Campaign information is automatically tracked.
Identifying paid sources
Your different ad campaigns (PPC campaigns, display ads, email marketing messages, Facebook campaigns etc.) will include one or more links to your website e.g.:
<a href="http://mysite.com/myproduct.html">Visit website</a>
We want to be able to identify people who've clicked on ads e.g. in a marketing email as having come to the site having clicked on a link in that particular marketing email. To do that, we modify the link in the marketing email with query parameters, like so:
<a href="http://mysite.com/myproduct.html?utm_source=newsletter-october&utm_medium=email&utm_campaign=cn0201">Visit website</a>
For the prospective customer clicking on the link, adding the query parameters does not change the user experience. (The user is still directed to the webpage at http://mysite.com/myproduct.html
.) But Snowplow then has access to the fields given in the query string, and uses them to identify this user as originating from the October Newsletter, an email marketing campaign with campaign id = cn0201.

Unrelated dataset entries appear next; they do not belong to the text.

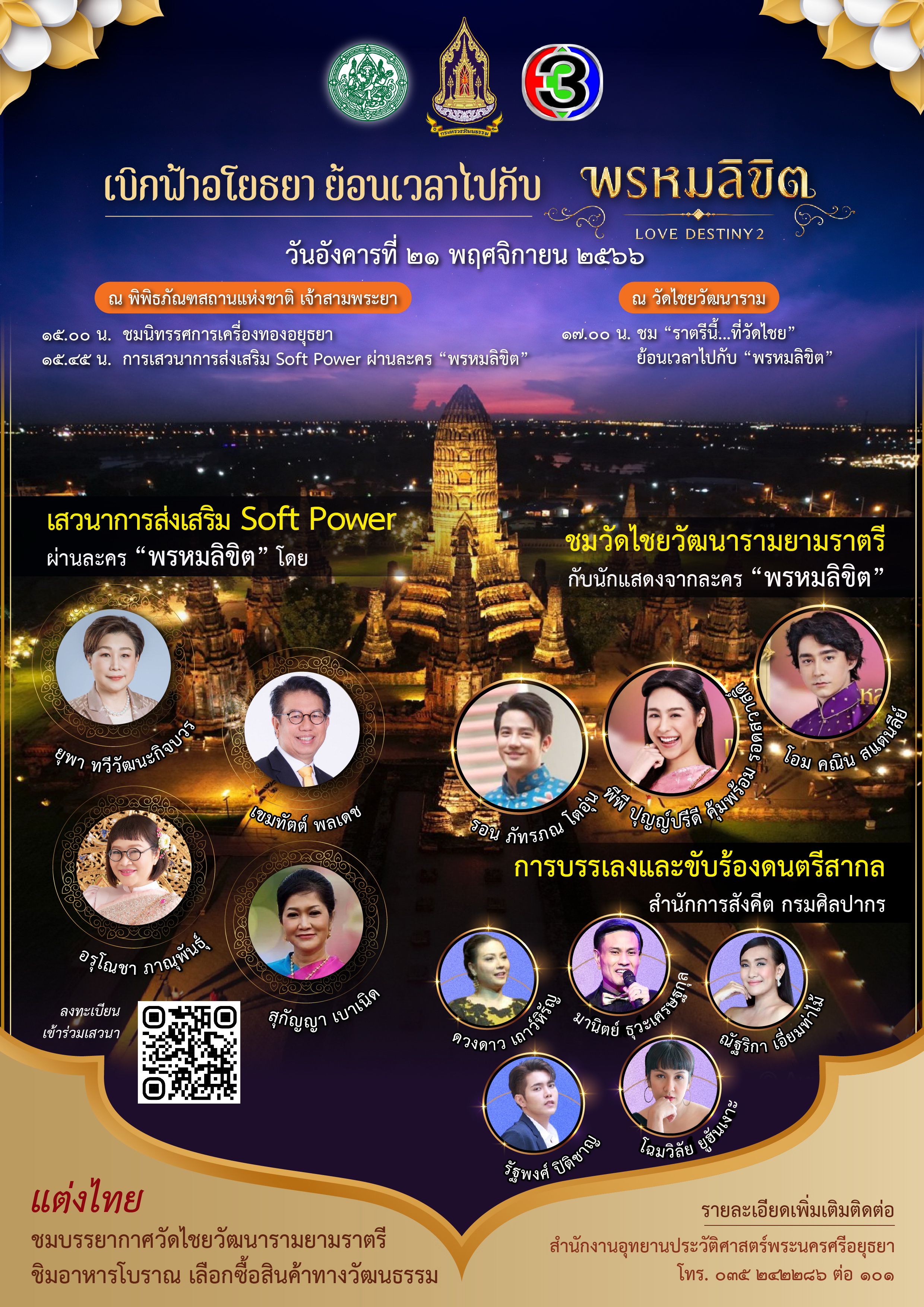 กระทรวงวัฒนธรรม โดยกรมศิลปากร ร่วมกับสถานีโทรทัศน์ไทยทีวีสีช่อง 3 ขอเชิญชวนทุกท่านร่วมกิจกรรมส่งเสริม Soft Power เบิกฟ้าอโยธยา ย้อนเวลาไปกับ “พรหมลิขิต” ในวันอังคารที่ ๒๑ พฤศจิกายน ๒๕๖๖ ในเวลา ๑๕.๐๐ น. ณ อาคารเครื่องทองอยุธยา พิพิธภัณฑสถานแห่งชาติ เจ้าสามพระยา และเยี่ยมชมวัดไชยวัฒนาราม จังหวัดพระนครศรีอยุธยายามค่ำ พบกับศิลปิน โอม-คณิน สแตนลีย์ รับบทหลวงชิดภูบาล (ยอร์จ ฟอลคอน) พีพี-ปุญญ์ปรีดี คุ้มพร้อม รอดสวาสดิ์ รับบทแม่ปราง และรอน- ภัทรภณ โตอุ่น รับบทเป็นเพิ่ม บ่าวยายกุย ฯลฯ ผู้สนใจสามารถลงทะเบียนร่วมกิจกรรม ด่วน!!! https://forms.gle/Xxt6v3rxCfnUChJq5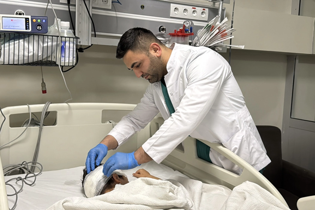 Beyin ve Sinir Cerrahisi Uzmanı Semih Çelik de "Çocuğumuzun şuuru açık. Ancak kafası ve vücudunun çeşitli yerlerinde derin yaralar mevcut. Hastamızı yoğun bakım ünitesinde takip altına aldık. Öncelikle enfeksiyonu kontrol altına aldıktan sonra yaralarını tedavi edeceğiz." dedi.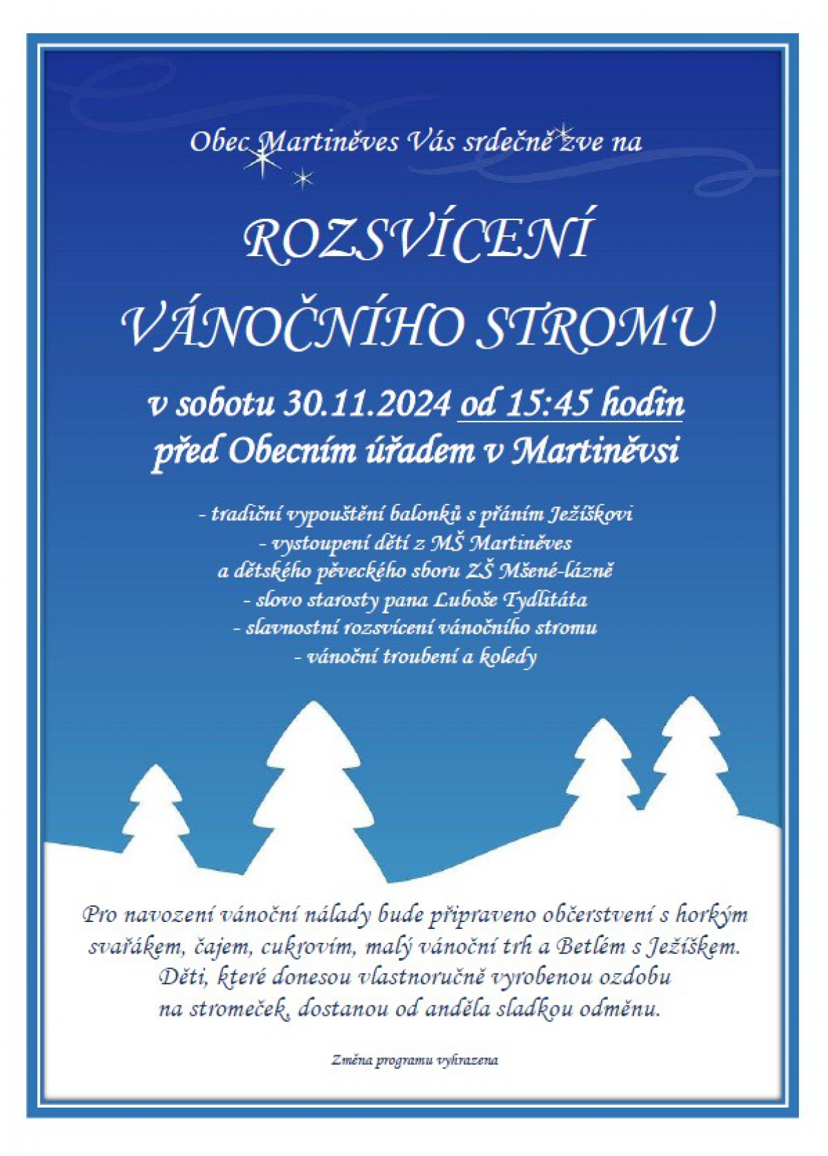 Prodej vstupenek na Obecním úřadě v Martiněvsi, tel. 416 866 044, 733 196 232.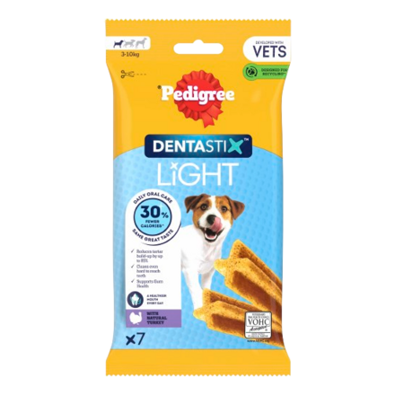 - Pedigree® Dentastix™ Light Sticks Dental Chews Small Dog Treats x7 (£1.30)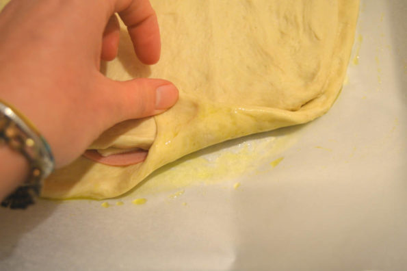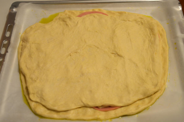 spinare con le mani anche il restante impasto e con questo coprire la farcitura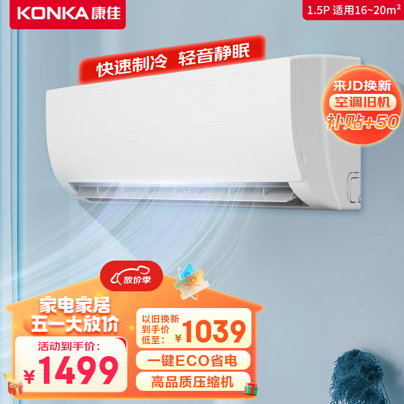 康佳(KONKA) 1.5匹 新能效 快速冷暖 一键节能 壁挂式卧室 以旧换新 空调挂机 KFR-35GW/9M5价格:1498.00元!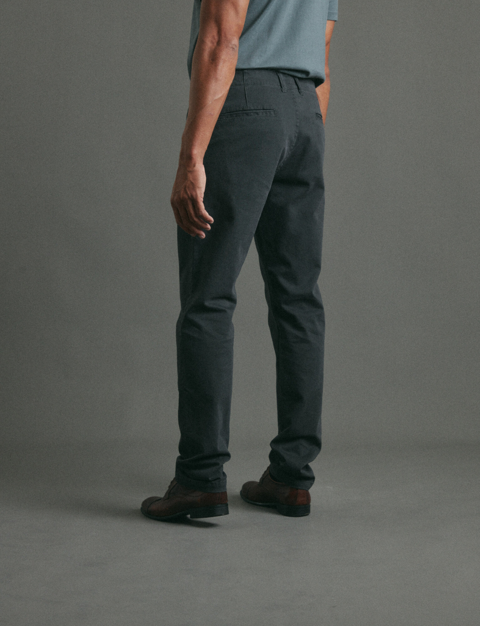 Corte clásico con bolsillos delanteros inclinados y bolsillos traseros de ribete.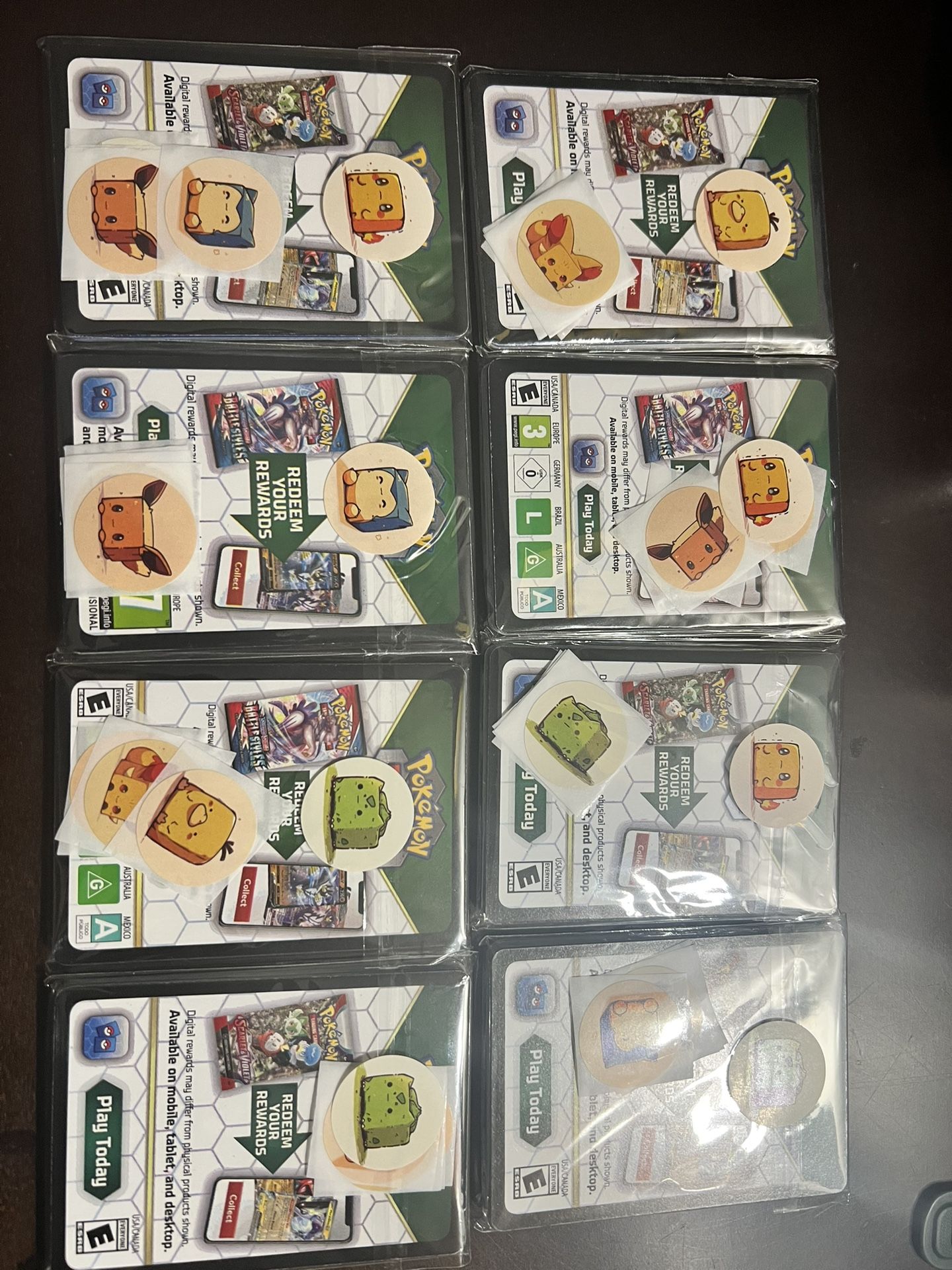 44 mystery packs with 10-20 cards and roughly a 70% hitrate. Each pack has 5-10 holos and reverse holos with a chance of an ex, V, VStar, VMax, Ir, Full art, SIR etc, 4 stickers and 1 or 2 code cards. Cards ranging from base set to 151 and more. Cash or Cashapp only $5 dollars each or take all 44 for $200 pickup or $220 meet.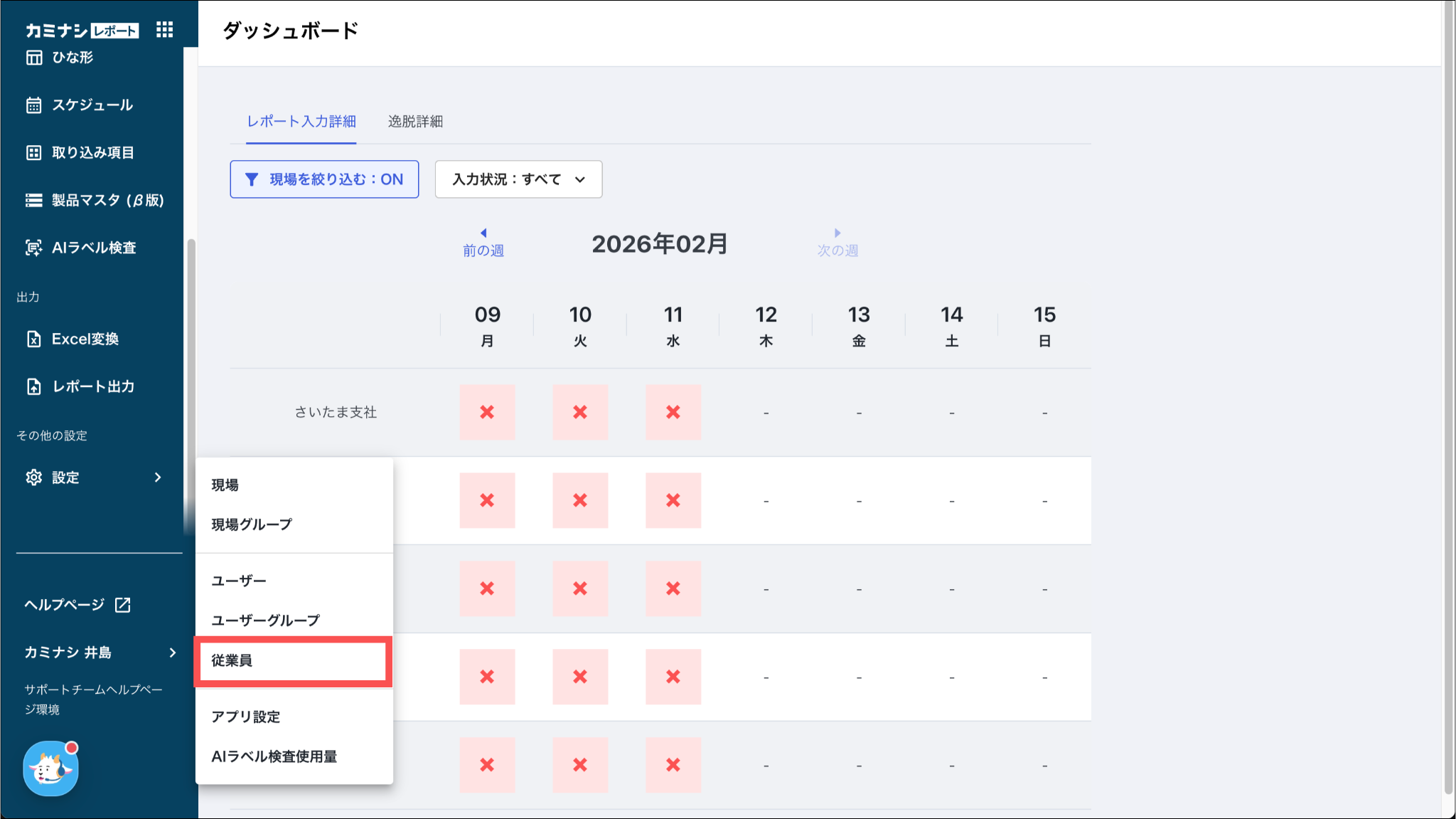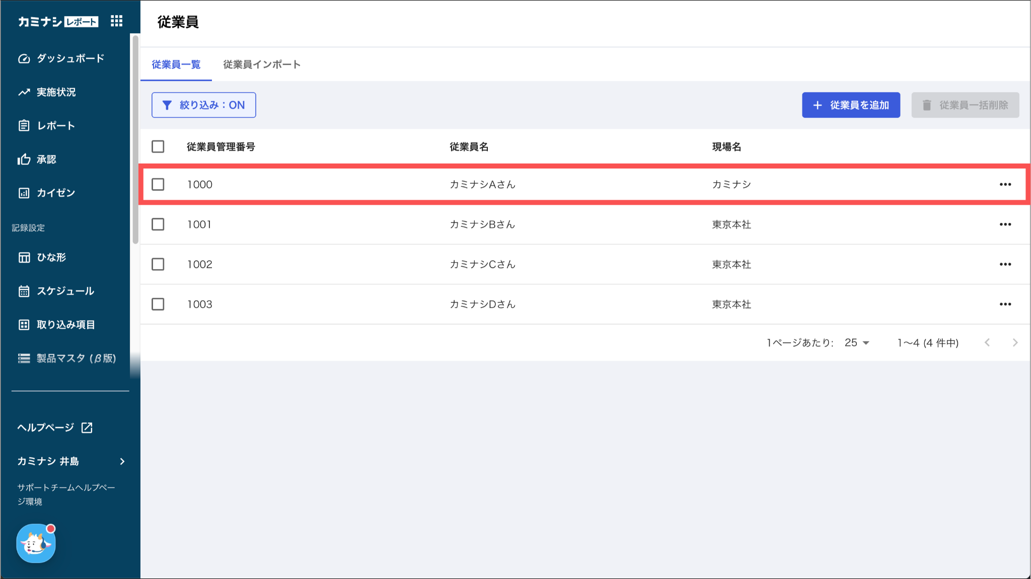 1. カミナシレポート 管理画面にログインする2.「設定」を押し、「従業員」を選択する3.「従業員一覧」を開き、編集する従業員を押す4. 従業員情報を編集し、「保存」を押すよくある質問は、こちらからご確認ください。

Anatomy of the query parameters
Snowplow uses the same query parameters used by Google Analytics. Because of this, Snowplow users who are also using GA do not need to do any additional work to make their campaigns trackable in Snowplow as well as GA. Those parameters are:
Parameter | Name | Description |
---|---|---|
utm_source | Campaign source | Identify the advertiser driving traffic to your site e.g. Google, Facebook, autumn-newsletter etc. |
utm_medium | Campaign medium | The advertising / marketing medium e.g. cpc, banner, email newsletter, in-app ad, cpa |
utm_campaign | Campaign id | A unique campaign id. This can be a descriptive name or a number / string that is then looked up against a campaign table as part of the analysis |
utm_term | Campaign term(s) | Used for search marketing in particular, this field is used to identify the search terms that triggered the ad being displayed in the search results. |
utm_content | Campaign content | Used either to differentiate similar content or two links in the same ad. (So that it is possible to identify which is generating more traffic.) |
The parameters are described in the Google Analytics help page. Google also provides a urlbuilder which can be used to construct the URL incl. query parameters to use in your campaigns.